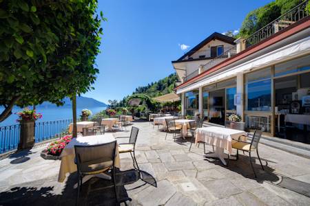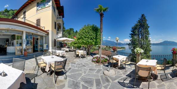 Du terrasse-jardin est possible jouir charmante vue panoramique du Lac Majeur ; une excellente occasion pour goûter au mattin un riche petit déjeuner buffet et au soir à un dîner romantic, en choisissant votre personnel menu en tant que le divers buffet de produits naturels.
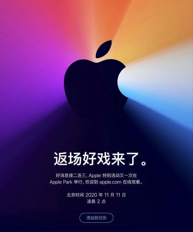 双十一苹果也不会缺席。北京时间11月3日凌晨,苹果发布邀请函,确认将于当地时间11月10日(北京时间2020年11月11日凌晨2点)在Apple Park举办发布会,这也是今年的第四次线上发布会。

...

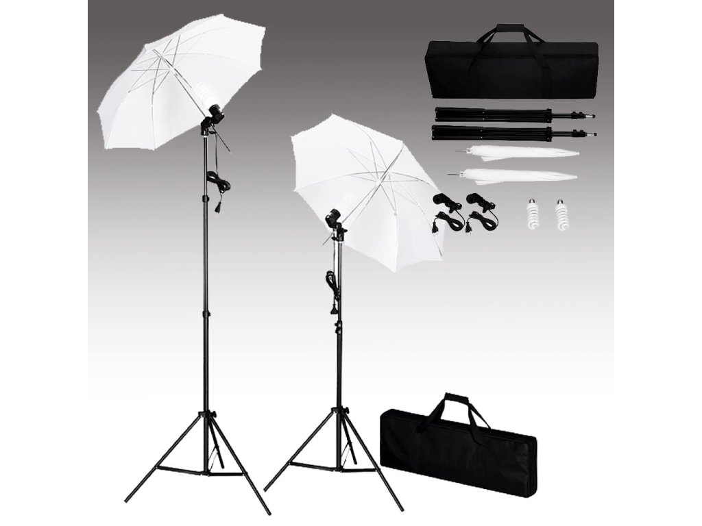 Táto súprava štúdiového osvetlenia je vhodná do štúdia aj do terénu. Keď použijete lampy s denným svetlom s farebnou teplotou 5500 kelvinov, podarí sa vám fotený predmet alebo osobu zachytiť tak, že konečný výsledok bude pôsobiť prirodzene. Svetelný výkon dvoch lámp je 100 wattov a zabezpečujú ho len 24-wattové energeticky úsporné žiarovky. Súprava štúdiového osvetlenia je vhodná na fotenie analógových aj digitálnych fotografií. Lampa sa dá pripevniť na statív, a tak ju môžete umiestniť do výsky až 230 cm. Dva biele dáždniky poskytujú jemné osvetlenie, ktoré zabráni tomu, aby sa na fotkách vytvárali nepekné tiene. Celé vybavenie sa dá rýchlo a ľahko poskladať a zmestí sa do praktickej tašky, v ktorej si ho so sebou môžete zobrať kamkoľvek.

WORK REQUIRED:
In the listing above, find the line with "Du terrasse-jardin est" and the line with "双十一苹果也不会缺席。北京时". Copy exactly those lines and all between them, minus the images.

ANSWER TO THIS EXERCISE:
 Du terrasse-jardin est possible jouir charmante vue panoramique du Lac Majeur ; une excellente occasion pour goûter au mattin un riche petit déjeuner buffet et au soir à un dîner romantic, en choisissant votre personnel menu en tant que le divers buffet de produits naturels.
 双十一苹果也不会缺席。北京时间11月3日凌晨,苹果发布邀请函,确认将于当地时间11月10日(北京时间2020年11月11日凌晨2点)在Apple Park举办发布会,这也是今年的第四次线上发布会。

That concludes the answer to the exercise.